— Work required —
Apart from pictures, transcribe exactly each line from the one containing "Inflorescências em capítulos" through the final line of the listing below.

— Dataset content —
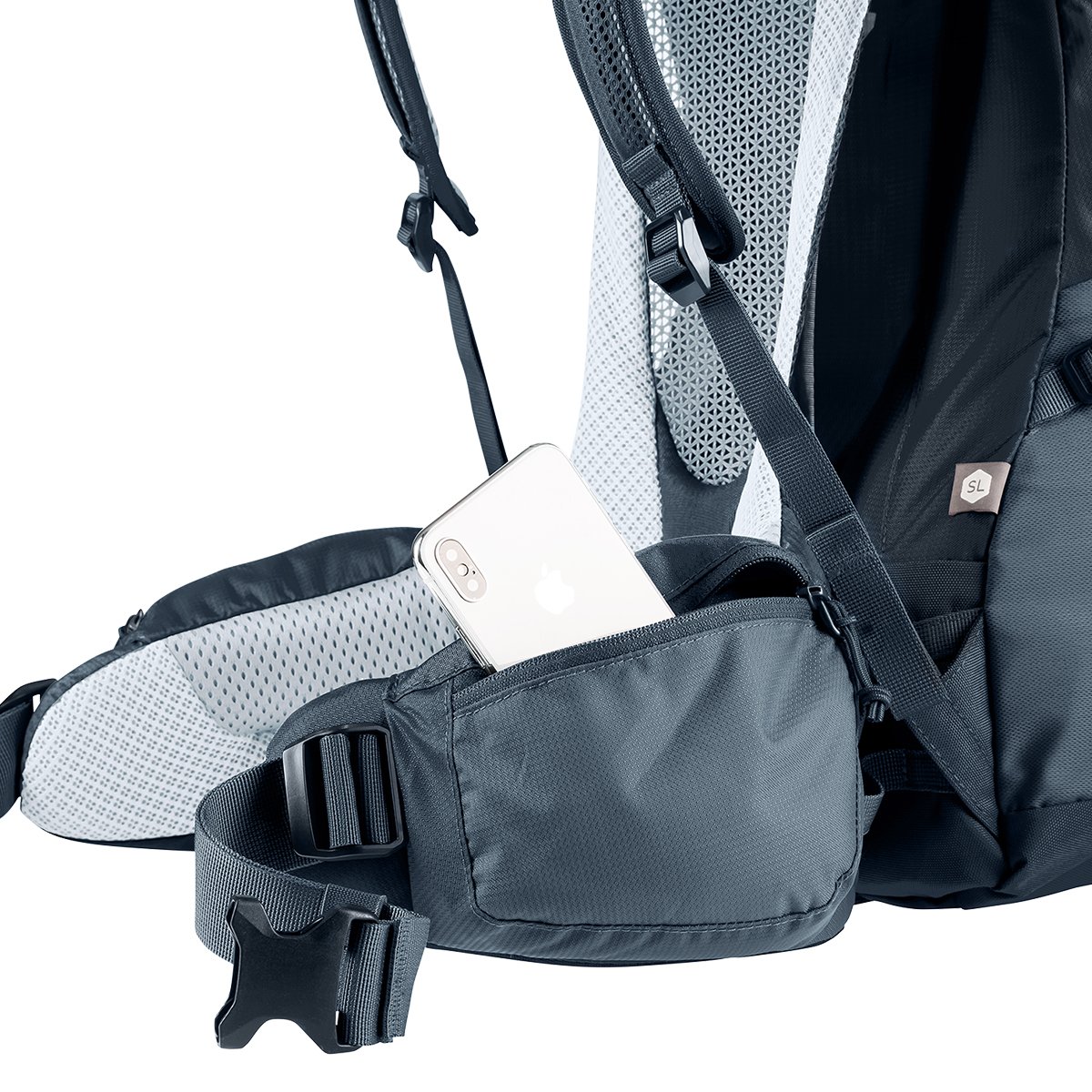 This innovative mesh back system also provides maximum back ventilation. The movable, ergonomically padded VariFlex ECL lumbar support provides energy-saving carrying. Clearly separated compartments allow for easy and efficient storage of items in the lid compartment, side lower pockets, separate lower compartment, and spacious main compartment. Deuter Futura 38 SL Features
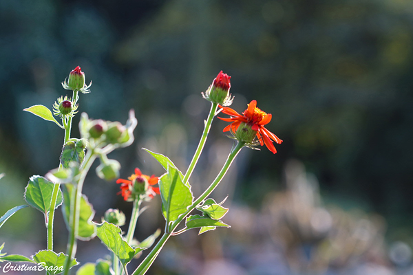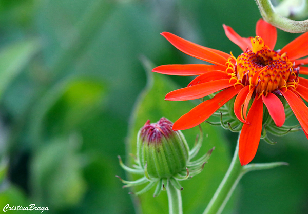 Inflorescências em capítulos grandes, solitários, dispostos sobre a folhagem, de cor vermelho-alaranjada e que lembram uma margarida com o centro amarelo. Surgem quase o ano todo, com mais intensidade na primavera-verão e são intensamente visitadas por borboletas e abelhas.
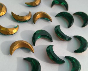 ヴィンテージ/ドイツ/ガラスストーン/クレセントムーン/エメラルド/約14×5mm(1個)

— Response —
 Inflorescências em capítulos grandes, solitários, dispostos sobre a folhagem, de cor vermelho-alaranjada e que lembram uma margarida com o centro amarelo. Surgem quase o ano todo, com mais intensidade na primavera-verão e são intensamente visitadas por borboletas e abelhas.
 ヴィンテージ/ドイツ/ガラスストーン/クレセントムーン/エメラルド/約14×5mm(1個)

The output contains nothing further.